This is methylphenidate (Ritalin), patented by Ciba-Geigy (now Novartis).
[Its] effects are rather similar to those of amphetamine. . .
[B]ack then, amphetamine was widely known as 'speed', and viewed with
suspicion, rather as Ecstasy is now. . . When methylphenidate began
to be prescribed. . . it was claimed that instead of acting as
a stimulant, it had a calming effect on ADHD children, improving focus
and attention, reducing disruptive behaviour and benefiting school
performance. At first, this was regarded as paradoxical. . .
[Before] long it became apparent that the drug affected 'normal' and 'ADHD'
children similarly. . . [T]he important thing is that the drug
seemed to work. Children on Ritalin are said to become less fidgety
in class and to show an improvement in 'behavior which is perceived
by teachers as disruptive and socially inappropriate'. No wonder
that ADHD soon began to be diagnosed on the basis of school-teachers'
reports and was observed to show a peculiar expression pattern, often
remitting at weekends and in school holidays. . .

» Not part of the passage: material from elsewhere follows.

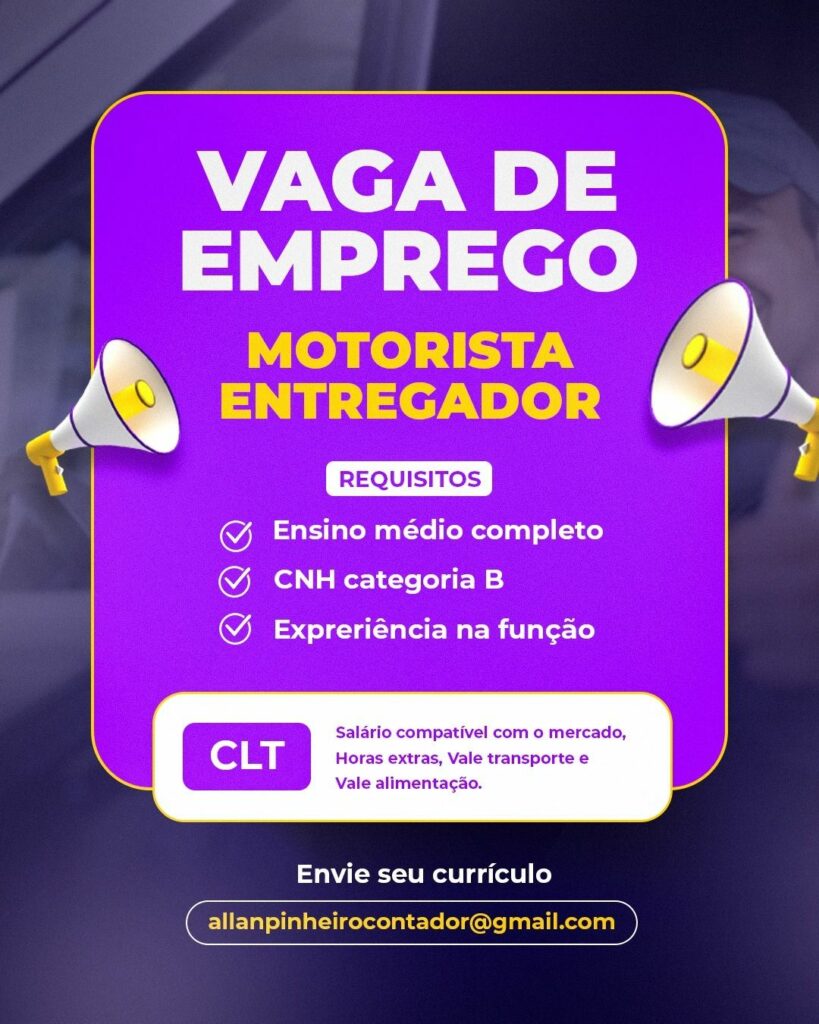 Empresa está selecionando Motorista entregador; Envie seu currículo!

[I]t was not too long before these rattish observations became
extrapolated to humans. Faced with escalating violence
in US cities during the 1960s, two US psychosurgeons, Vernon Mark
and Frank Ervin, in research funded by US law enforcement
agencies, argued that the riots may have been precipitated
by individuals with damaged or overactive amygdalae, and that
a potential treatment would be to amygdalectomise selected
'ghetto ringleaders' [:-0]. Some 5-10 per cent of US citizens,
they claimed, might be candidates for such psychosurgery.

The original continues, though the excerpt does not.